Persephone, daughter of Greek goddess Ceres, was abducted by Pluto, god of the underworld. Enlisting the aid of Mercury and Spring, Ceres negotiated the release of Persephone. Pluto made sure that his captive bride ate some pomegranate before releasing her to Ceres who was then obliged to return her daughter to Pluto for half the year. Because she had eaten in the underworld, Persephone was forever bound to return to it and is the personification of seasonal change. Persephone was victimized by the circumstances of her forcible marriage but used that condition to usher in renewed life every Spring.

Sherrye Lantz's "Over the Millennium - Symbols Which Endure" is on view Monday through April 3 at Virginia Western Community College's Fine Arts Building, Roanoke. 857-7271.

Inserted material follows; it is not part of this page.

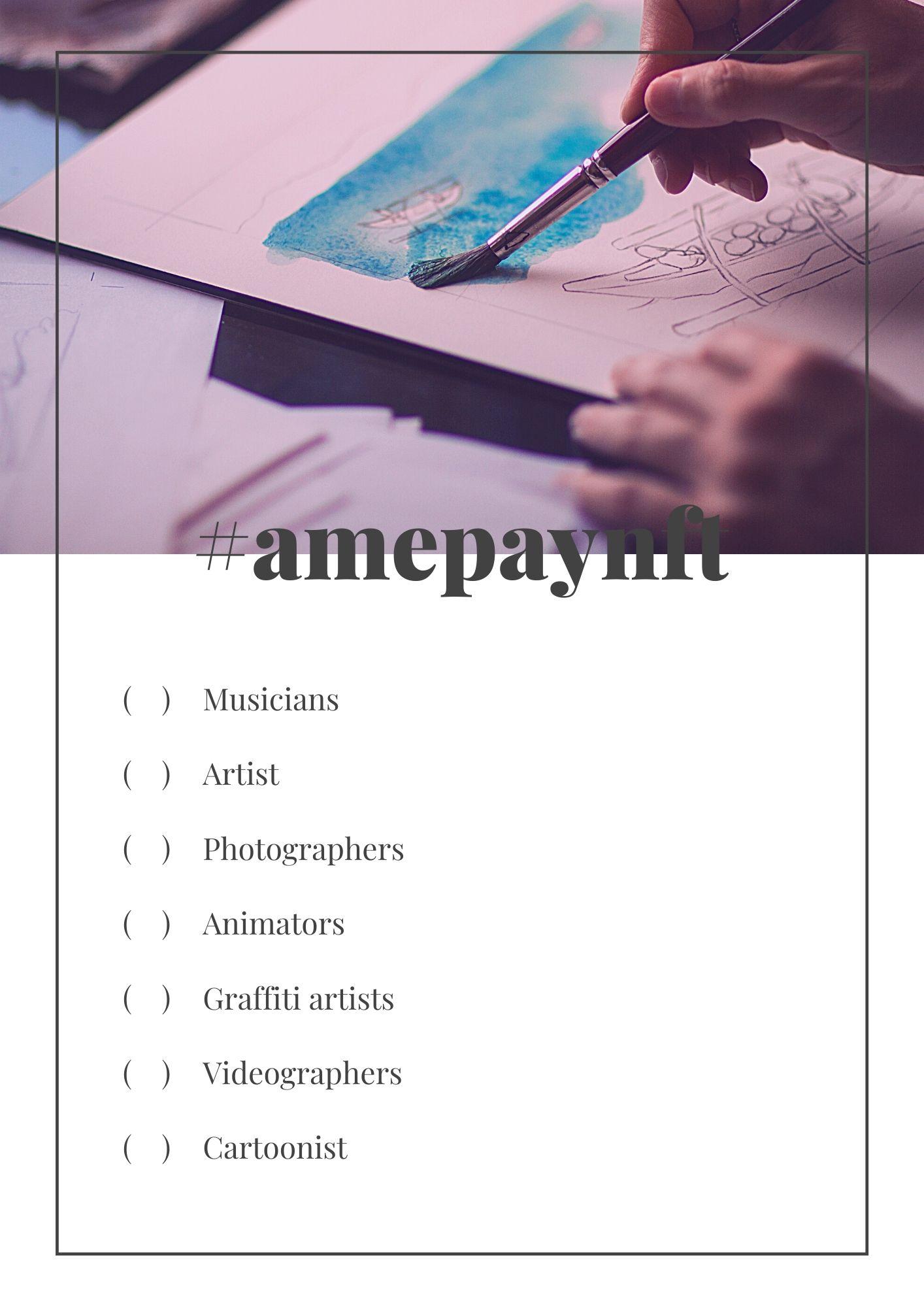 To address the commonly faced issues (inappropriate royalty and plagiarism), AMEPAY has ventured into NFT. AMEPAY NFT can be bought through AME & ETH.

Mimi Babe Harris has installed eight three-dimensional portraits of artists at the Studios on the Square on downtown Roanoke's Market Square.

The subjects are Betty Branch, Karen Raney, Peyton Klein, Nancy Dahlstrom, Trudy Wheeler, Pat West, Vera Dickerson and Beth Shively (who is the reviewer's wife). There also is a large painted self-portrait of Harris.

The combination of drawing, painting and construction in these portraits explores a working method developed by Marisol Escobar and Larry Rivers during the '60s. Harris brings her own idiosyncratic vision to these representations by casting her subjects as emblems of feminine creativity.

The first image looming overhead as one climbs the gallery stairs shows Karen Raney, an English artist who looks like a woodland priestess ecstatically skipping rope. This sets the tone for the remaining seven portraits of Roanoke artists, who are rendered as shrines and totems conveying an atmosphere of nature-worship and devotion to primordial goddesses while remaining fully contemporary.

Mimi Babe Harris' "Portraits in Mixed Media" is on exhibit through March 28 at The Studios on the Square, downtown Roanoke. 345-4076.

Bill Rutherfoord is an artist, teacher and former curator of the Roanoke Museum of Fine Arts.